# PROVIDED INFORMATION:
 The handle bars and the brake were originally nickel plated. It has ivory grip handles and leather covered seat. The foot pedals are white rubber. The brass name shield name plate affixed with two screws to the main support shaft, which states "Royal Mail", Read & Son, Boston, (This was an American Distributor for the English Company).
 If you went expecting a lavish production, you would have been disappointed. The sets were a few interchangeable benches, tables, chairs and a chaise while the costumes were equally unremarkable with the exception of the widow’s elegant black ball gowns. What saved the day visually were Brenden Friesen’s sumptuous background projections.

...

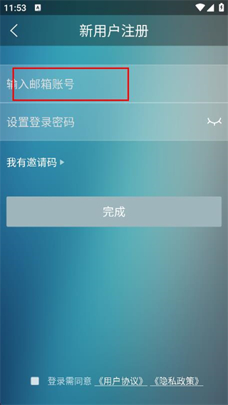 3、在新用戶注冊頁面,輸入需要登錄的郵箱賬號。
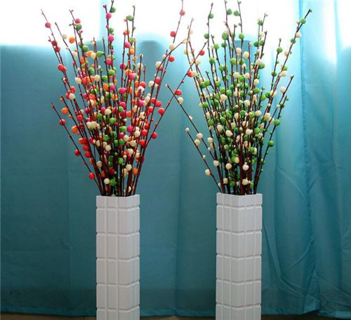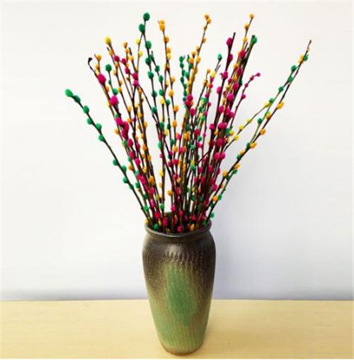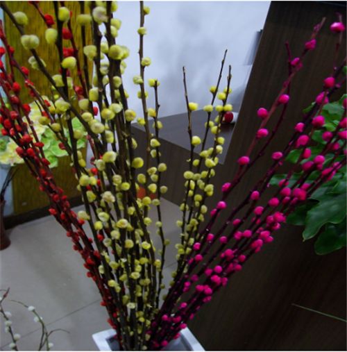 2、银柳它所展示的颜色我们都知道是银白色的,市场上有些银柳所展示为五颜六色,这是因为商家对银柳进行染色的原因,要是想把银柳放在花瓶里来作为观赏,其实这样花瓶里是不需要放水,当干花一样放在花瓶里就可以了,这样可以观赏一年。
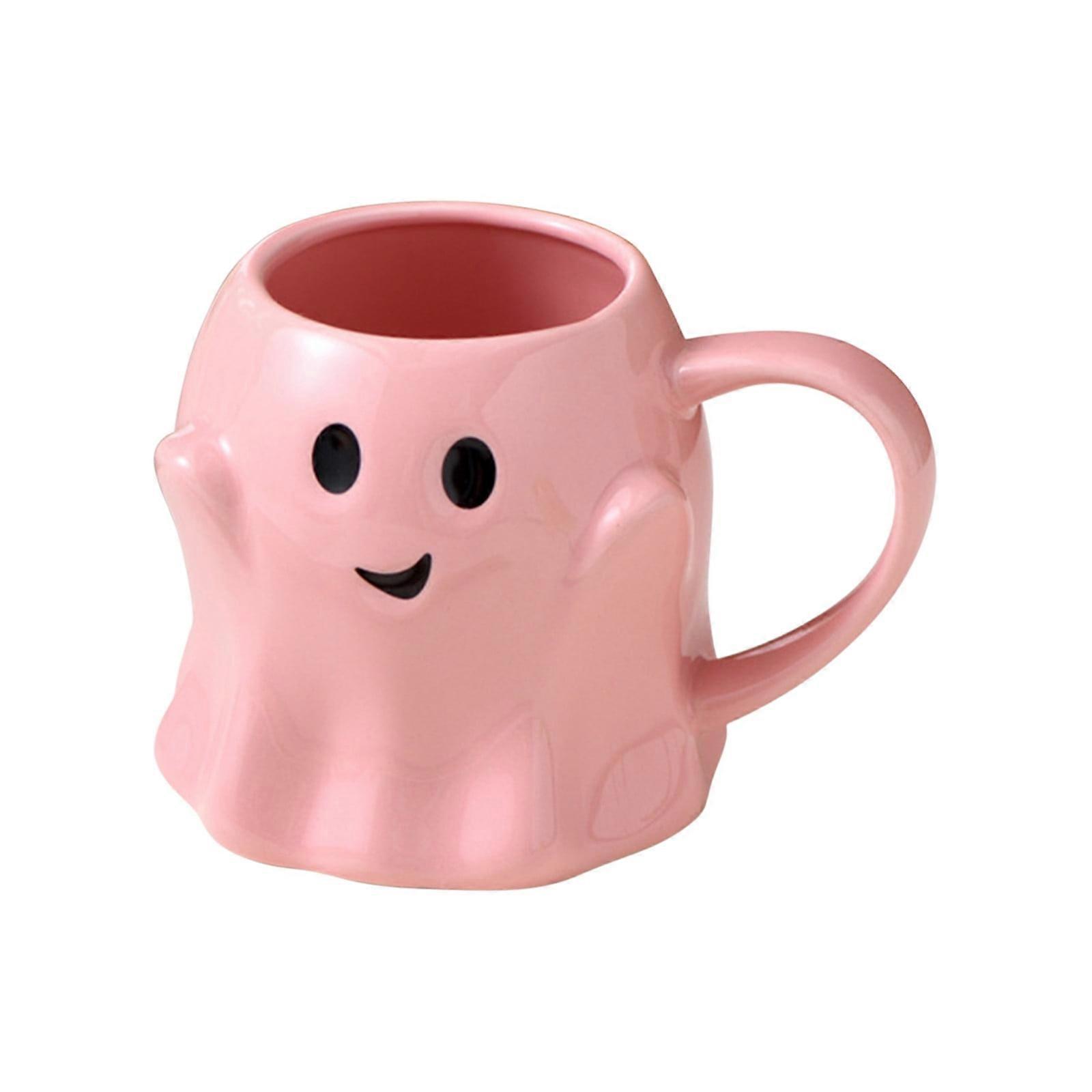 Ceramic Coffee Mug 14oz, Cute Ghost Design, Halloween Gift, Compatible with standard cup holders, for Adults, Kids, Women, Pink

# WHAT THE TASK REQUIRES:
Take only the lines above from the one that has "2、银柳它所展示的颜色我们都" through the one that has "Ceramic Coffee Mug" and reproduce them exactly, omitting any pictures.

# WRITTEN REPLY:
 2、银柳它所展示的颜色我们都知道是银白色的,市场上有些银柳所展示为五颜六色,这是因为商家对银柳进行染色的原因,要是想把银柳放在花瓶里来作为观赏,其实这样花瓶里是不需要放水,当干花一样放在花瓶里就可以了,这样可以观赏一年。
 Ceramic Coffee Mug 14oz, Cute Ghost Design, Halloween Gift, Compatible with standard cup holders, for Adults, Kids, Women, Pink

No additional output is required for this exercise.